- **Task statement**:
Your response should reproduce every line of the entries that contains the word "clean".

*** Source information

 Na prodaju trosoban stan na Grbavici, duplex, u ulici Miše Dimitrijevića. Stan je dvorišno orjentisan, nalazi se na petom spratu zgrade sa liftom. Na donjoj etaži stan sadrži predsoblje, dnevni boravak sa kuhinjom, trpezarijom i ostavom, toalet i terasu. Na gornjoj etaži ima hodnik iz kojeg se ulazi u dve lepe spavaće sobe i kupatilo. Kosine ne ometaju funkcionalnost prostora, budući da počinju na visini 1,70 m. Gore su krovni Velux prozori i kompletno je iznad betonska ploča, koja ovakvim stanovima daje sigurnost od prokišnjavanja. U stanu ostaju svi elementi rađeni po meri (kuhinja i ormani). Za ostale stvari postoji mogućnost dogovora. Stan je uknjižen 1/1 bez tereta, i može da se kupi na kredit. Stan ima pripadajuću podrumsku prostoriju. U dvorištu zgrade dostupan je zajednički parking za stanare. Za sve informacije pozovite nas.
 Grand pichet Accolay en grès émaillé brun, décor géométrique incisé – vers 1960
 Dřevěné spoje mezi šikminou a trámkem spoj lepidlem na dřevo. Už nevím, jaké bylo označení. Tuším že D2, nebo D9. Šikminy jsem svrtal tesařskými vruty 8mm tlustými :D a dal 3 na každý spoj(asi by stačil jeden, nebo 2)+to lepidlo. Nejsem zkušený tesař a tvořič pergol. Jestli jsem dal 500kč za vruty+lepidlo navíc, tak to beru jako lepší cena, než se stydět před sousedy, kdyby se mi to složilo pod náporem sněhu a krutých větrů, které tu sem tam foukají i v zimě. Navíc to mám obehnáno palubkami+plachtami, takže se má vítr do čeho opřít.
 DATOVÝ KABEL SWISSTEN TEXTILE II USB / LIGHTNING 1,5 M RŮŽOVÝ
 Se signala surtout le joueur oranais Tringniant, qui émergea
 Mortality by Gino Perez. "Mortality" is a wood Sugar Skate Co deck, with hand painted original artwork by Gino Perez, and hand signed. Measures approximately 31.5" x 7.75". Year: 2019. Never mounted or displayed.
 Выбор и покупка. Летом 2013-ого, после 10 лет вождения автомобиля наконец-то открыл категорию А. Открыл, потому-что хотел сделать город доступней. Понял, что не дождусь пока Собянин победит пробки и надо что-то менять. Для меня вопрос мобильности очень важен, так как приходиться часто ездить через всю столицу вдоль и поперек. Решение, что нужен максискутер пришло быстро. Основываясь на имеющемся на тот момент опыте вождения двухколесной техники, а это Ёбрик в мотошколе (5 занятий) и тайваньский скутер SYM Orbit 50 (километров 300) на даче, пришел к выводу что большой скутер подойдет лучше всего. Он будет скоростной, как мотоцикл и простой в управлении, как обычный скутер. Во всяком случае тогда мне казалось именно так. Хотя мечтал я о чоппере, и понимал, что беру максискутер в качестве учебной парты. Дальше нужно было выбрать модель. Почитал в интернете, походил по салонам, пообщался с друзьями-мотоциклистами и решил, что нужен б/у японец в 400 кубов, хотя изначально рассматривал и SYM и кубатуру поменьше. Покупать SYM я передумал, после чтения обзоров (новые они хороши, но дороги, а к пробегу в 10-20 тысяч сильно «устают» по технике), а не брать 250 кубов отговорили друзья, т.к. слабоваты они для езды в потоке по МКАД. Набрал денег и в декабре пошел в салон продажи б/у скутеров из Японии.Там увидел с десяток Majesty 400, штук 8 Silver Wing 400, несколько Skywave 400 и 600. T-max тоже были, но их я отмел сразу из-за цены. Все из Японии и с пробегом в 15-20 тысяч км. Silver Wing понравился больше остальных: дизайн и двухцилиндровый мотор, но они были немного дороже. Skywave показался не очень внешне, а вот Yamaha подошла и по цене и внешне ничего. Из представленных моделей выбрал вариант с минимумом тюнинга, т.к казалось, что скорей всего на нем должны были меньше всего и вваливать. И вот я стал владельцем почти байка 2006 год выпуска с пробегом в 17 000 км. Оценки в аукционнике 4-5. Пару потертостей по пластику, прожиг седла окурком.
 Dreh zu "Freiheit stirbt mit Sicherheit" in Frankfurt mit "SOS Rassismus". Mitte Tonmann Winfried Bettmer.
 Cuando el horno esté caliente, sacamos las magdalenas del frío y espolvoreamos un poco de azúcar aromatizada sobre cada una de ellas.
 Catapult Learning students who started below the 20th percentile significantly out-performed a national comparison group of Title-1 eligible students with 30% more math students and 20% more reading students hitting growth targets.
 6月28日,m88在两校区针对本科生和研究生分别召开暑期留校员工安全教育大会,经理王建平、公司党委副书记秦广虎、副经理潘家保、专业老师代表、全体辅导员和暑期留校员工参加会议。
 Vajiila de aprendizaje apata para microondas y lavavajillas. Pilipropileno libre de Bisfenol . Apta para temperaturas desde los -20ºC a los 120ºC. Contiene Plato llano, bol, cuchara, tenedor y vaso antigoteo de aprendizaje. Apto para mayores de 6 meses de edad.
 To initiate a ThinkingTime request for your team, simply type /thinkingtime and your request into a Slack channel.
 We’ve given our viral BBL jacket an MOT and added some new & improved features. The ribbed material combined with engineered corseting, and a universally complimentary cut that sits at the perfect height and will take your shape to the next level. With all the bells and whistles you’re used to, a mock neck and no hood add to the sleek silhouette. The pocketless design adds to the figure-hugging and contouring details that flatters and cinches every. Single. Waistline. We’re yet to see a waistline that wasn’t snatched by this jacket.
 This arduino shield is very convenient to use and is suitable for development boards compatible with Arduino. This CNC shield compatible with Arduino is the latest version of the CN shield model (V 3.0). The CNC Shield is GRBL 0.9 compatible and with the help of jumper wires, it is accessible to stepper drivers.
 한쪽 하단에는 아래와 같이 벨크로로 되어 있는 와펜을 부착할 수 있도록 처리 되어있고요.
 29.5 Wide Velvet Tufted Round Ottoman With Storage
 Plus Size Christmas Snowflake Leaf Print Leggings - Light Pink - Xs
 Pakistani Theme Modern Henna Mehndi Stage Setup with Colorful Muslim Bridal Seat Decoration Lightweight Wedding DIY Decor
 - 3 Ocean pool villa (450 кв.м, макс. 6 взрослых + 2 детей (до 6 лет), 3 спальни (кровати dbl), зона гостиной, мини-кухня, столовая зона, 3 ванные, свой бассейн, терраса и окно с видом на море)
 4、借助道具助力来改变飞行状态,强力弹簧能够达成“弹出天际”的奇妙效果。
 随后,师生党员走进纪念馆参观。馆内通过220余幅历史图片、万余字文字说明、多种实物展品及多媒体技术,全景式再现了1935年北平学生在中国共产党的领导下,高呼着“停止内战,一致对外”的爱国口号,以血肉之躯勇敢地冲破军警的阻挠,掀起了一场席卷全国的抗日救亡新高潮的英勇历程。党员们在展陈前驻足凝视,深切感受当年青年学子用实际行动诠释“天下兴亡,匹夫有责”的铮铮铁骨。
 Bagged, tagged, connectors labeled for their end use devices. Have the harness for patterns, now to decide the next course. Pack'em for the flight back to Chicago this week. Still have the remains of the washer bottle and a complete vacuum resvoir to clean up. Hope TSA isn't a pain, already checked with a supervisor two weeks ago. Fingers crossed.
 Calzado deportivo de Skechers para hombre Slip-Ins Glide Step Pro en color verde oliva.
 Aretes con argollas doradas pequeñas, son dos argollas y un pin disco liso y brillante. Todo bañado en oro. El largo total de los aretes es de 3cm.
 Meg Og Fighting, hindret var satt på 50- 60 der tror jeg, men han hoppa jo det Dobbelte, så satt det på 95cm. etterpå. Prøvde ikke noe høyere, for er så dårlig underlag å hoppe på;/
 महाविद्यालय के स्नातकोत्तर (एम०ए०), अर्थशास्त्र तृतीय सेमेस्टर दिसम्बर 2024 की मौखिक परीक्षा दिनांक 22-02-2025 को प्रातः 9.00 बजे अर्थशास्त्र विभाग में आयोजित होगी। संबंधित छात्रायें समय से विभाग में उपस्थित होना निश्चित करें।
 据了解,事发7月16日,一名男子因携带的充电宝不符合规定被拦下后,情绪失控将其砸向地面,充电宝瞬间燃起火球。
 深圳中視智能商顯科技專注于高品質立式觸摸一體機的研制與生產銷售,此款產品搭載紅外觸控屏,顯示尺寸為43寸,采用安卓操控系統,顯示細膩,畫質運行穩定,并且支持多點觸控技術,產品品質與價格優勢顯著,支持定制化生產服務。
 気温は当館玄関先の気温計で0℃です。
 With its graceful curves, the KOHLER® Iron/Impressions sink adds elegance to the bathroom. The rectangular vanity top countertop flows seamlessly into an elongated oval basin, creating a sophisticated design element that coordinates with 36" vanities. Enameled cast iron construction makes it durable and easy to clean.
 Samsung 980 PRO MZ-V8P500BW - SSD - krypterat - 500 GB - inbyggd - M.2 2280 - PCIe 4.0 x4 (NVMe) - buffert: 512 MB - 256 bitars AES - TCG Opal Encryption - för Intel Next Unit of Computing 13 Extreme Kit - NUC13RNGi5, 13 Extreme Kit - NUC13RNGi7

******

- **Finished exercise**:
 Bagged, tagged, connectors labeled for their end use devices. Have the harness for patterns, now to decide the next course. Pack'em for the flight back to Chicago this week. Still have the remains of the washer bottle and a complete vacuum resvoir to clean up. Hope TSA isn't a pain, already checked with a supervisor two weeks ago. Fingers crossed.
 With its graceful curves, the KOHLER® Iron/Impressions sink adds elegance to the bathroom. The rectangular vanity top countertop flows seamlessly into an elongated oval basin, creating a sophisticated design element that coordinates with 36" vanities. Enameled cast iron construction makes it durable and easy to clean.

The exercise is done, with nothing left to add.